A doper would never lie.

View: https://youtu.be/ioLXqusbRGo?si=x7l1ygNCSBNOGZsE&t=67
 
I thought I'd put this question here even though it might not necessarily be Clinic related.

I saw a video by Cedrik Bakke Christophersen (former triathlete and member of TDT - Unibet) on Youtube about heat training which is a low power workout done while raising the core temperature to say 39 degrees C by either wearing lots of thick layers of clothes or heating the actual room you are excersising in. This has apparently become popular among pro cyclists in the past number of years. Does anyone know how long this has been popular?

One thing he mentions in the video is that this type of training even gives you better blood values so I assume it sort of has a similar effect to something like altitude training? Does anyone know if this is actually true and if so how much of an effect could it possibly have?

I know in terms of clinic issues one question is how the best riders now can race faster than the doped riders of the past. Could new techniques like this or other similar things be the answer to something like that? Has the sport found "natural" ways to give similar effects that doping gave in the past?
5-8% in this study. By the way both Remco and Lotto have Youtube vids on heat training. I've done it and found no improvement, so take it with a grain of salt.

 
5-8% in this study. By the way both Remco and Lotto have Youtube vids on heat training. I've done it and found no improvement, so take it with a grain of salt.

This study only has 20 subjects (8 as control) so doesn’t stand up on its own. But But glad you provided the link as I see there is more research on the subject than I realized. Similar too-small study found heat training improved performance in hot conditions but provided no benefit for competing in cool conditions:
 
the saddest and most demoralizing thing for me is that it would take so many years to find the dopers guilty...plus the UCI or whoever is in charge does not really want investigations to discover anything that would stain the sport...anyway that's my opinion.
 
Is Carbon Monoxide (CO) rebreathing nonsense?

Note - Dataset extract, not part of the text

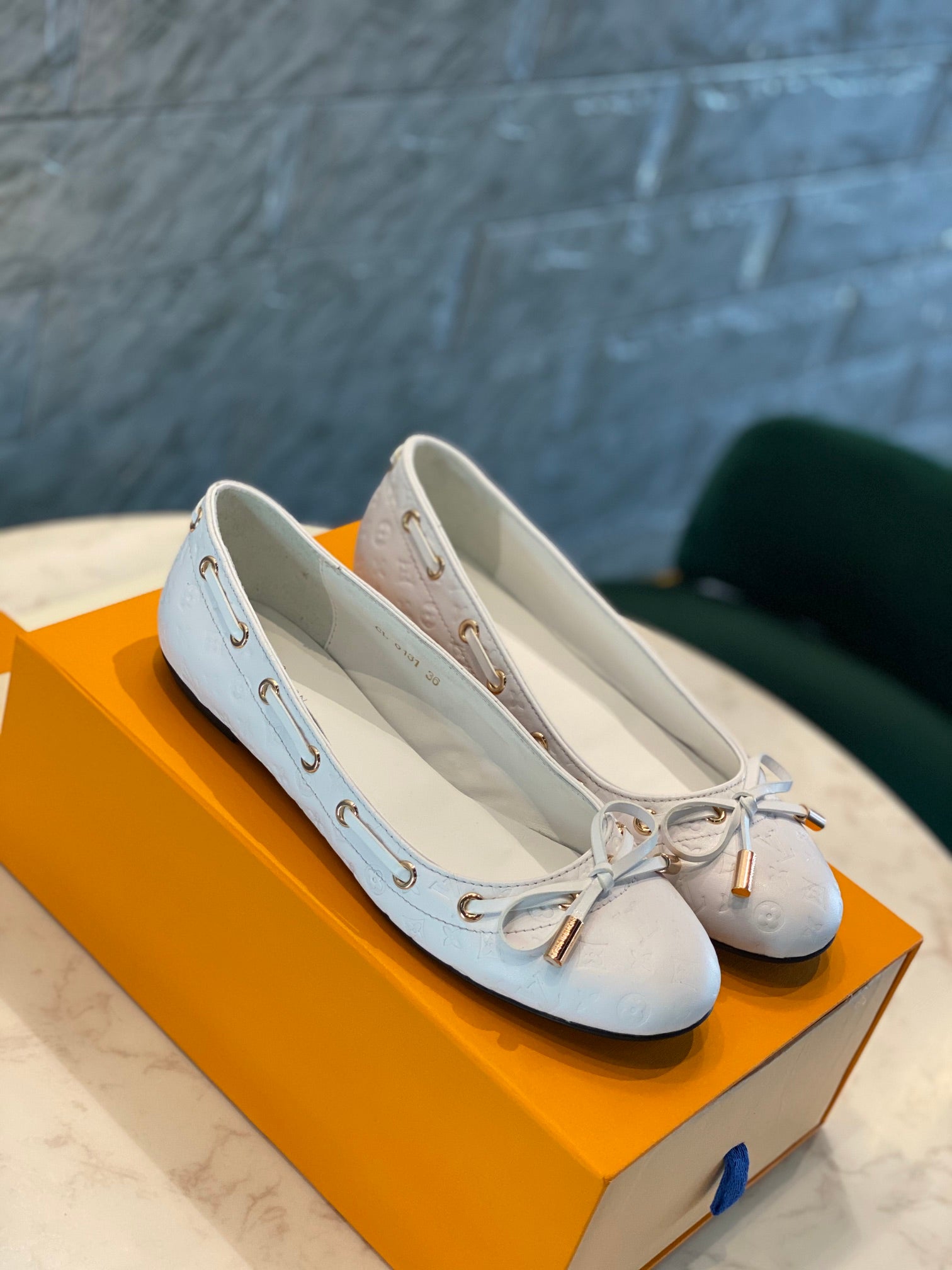LV WOMEN'S BALLET FLAT IN WHITE EMBOSSED CALFSKIN WITH BOW

I mean, seems like a decent evidence basis within 2 minutes of searching.
 



I mean, seems like a decent evidence basis within 2 minutes of searching.
A different method of creating hypoxia I guess. Soon we’ll see them on their indoor trainers with plastic bags cinched around their heads
 
the saddest and most demoralizing thing for me is that it would take so many years to find the dopers guilty...plus the UCI or whoever is in charge does not really want investigations to discover anything that would stain the sport...anyway that's my opinion.
Unless the gendarmes get involved in raiding and investigating (and I think teams are much more watchful to avoid that possibility) it doesn’t seem like testing or passport will uncover much.